The Silence by Don Delillo: A Nouveau Roman of Disaster

Delillo's The Silence is a novel that reflects the nature of the modern American mind.

The Silence
The Silence

Lately, because I’ve been running out of room for physical books, I’ve been getting a lot more on my Kindle. When I found that Don Delillo was releasing a new novel, I requested an advanced ebook and read it all in two sittings. There’s a certain very heavy irony in reading a book like this on a screen after spending all day staring at a screen for a day job and then writing a commentary on it on a screen. After all of which, you are now reading this on screen.

The Silence takes place in the year 2022, as a group of friends head out to meet in a Manhattan apartment for a Super Bowl party, all technology ceases to function because of some unknown force.
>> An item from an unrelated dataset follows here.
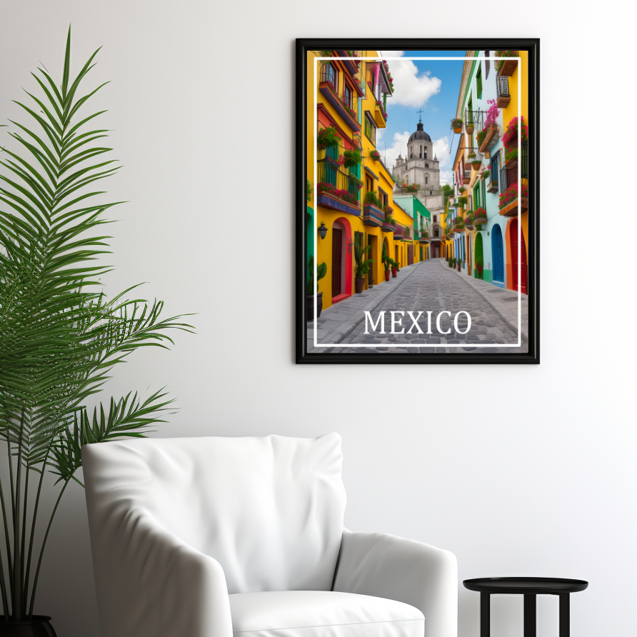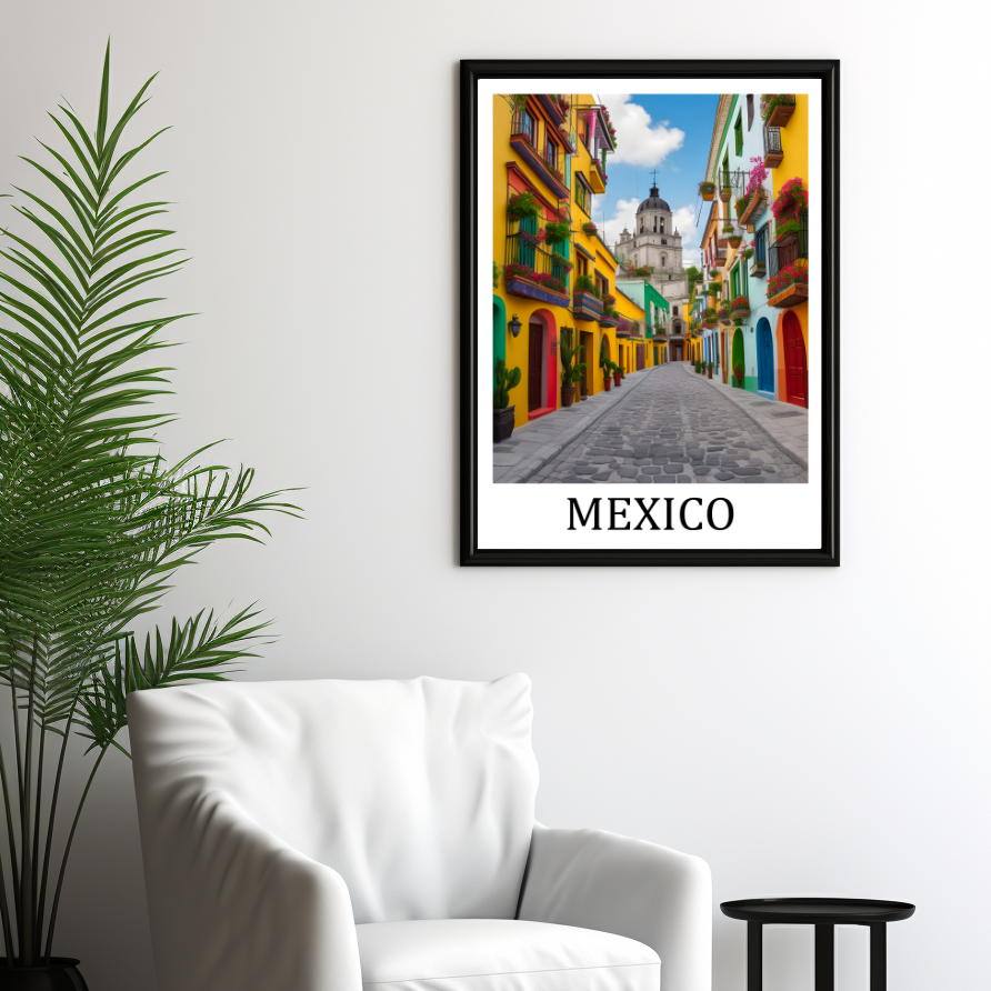 Ein schönes Travel Poster einer Strassenscene in Mexiko Stadt.

Two of them survive a plane crash. They meet in the apartment to wait out the event, unsure of how to pass the time with no screens to stare at.

Max doesn’t stop watching. He becomes a consumer who had no intention of buying something. One hundred commercials in the next three or four hours.
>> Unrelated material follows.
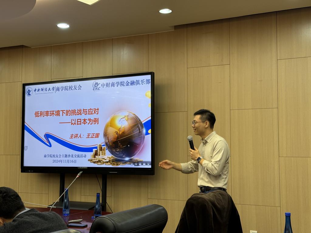 11月16日上午,beat365在线登录官网校友会携手中财beat365在线登录官网金融俱乐部,成功举办了一场极具深度与前瞻性的校友沙龙活动。此次活动特别邀请到中信证券固定收益部研究服务部联席负责人王正国博士,以“低利率环境下的挑战与应对——以日本为例”为主题,为众多中财beat365在线登录官网校友带来了一场知识盛宴。beat365在线登录官网党委副书记杨中英,beat365在线登录官网中国企业研究中心主任、beat365在线登录官网教授、博士生导师周卫中参加,与校友们共同聆听讲座,现场气氛热烈,学术氛围浓厚。沙龙由beat365在线登录官网校友会会长张庚主持。

The Silence reads like the beginnings of an apocalyptic novel, but is intentionally short, terse, and lacking in conflict or climax. Of the books of Delillo’s I’ve read so far (which, I admit, does not include some of his major works like Underworld) this is the least realist, and, in many ways, is antirealist. The dialogue is intentionally affected and unnatural and the characters talk essentially the same. They also act in very odd ways, such a one who begins to monologue an imagined Super Bowl when the TV no longer works. The couple who survives the plane crash have sex in a hospital toilet in a scene stripped of any eroticism. All of the characters monologue like actors in a play when they meet.

This may sound like the makings of an unappealing read, and to many it will be, but it’s all on purpose and works towards Delillo’s examination of modern consumerism. The modern individual is constantly receiving information that, more often than not, is impossible to integrate leaving them alienated from reality itself. All they are capable of is passive consumption. Even when they’re not directly buying things from stores or online, they always receive advertisements, distorted depictions of commodities. The Silence is a reflection of the fractured mind of the modern American.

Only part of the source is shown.